To do
Return the line that has "Johnny Depp." and all lines below it through the last, exactly as they stand; omit pictures.

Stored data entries

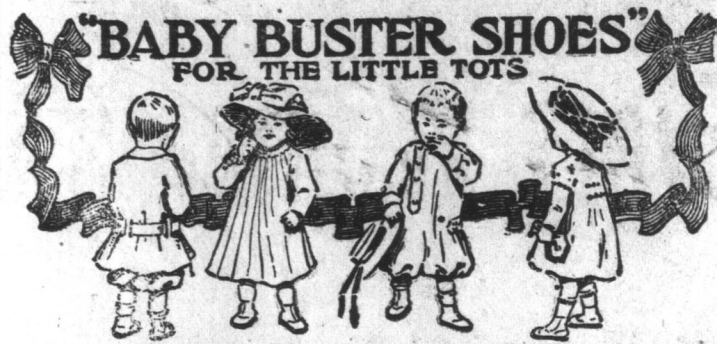
LET THE LITTLE FOLKS WEAR "BUSTER BROWN" SHOES, TOO

SOMETHING ALTOGETHER NEW. IF ITS MADE WE HAVE IT!
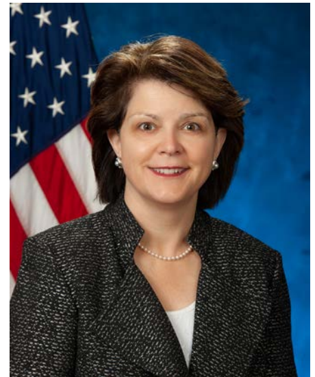
Retired Colonel Molly Klote, MD, USA

As you may be familiar, most studies struggle to recruit enough racial and gender diversity to allow for significant discoveries in these understudied populations. Women also report differences in health conditions like heart disease, depression, hypertension—not to mention illnesses like breast and cervical cancer where researchers can only draw from women cohorts.
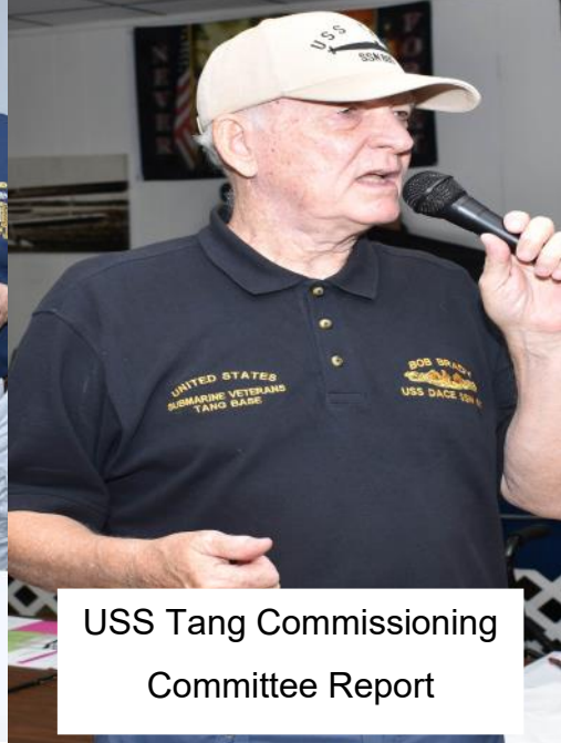
USS Tang Commissioning Committee Report
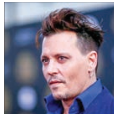
Johnny Depp.
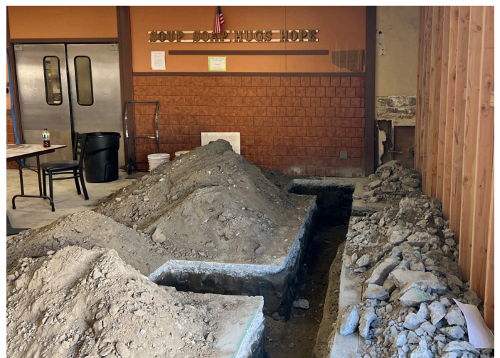
More construction photos on page 4...
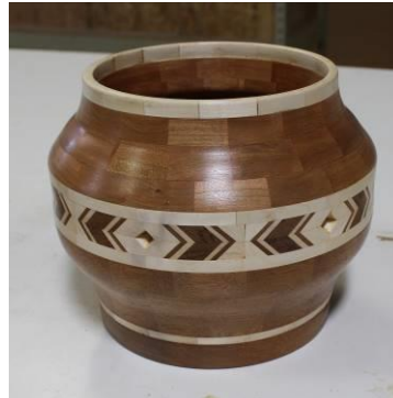
Spalted Maple vase, Ambrosia Maple bowl, and segmented vessel of various unknown scrap wood species.

Written solution
Johnny Depp.
More construction photos on page 4...
Spalted Maple vase, Ambrosia Maple bowl, and segmented vessel of various unknown scrap wood species.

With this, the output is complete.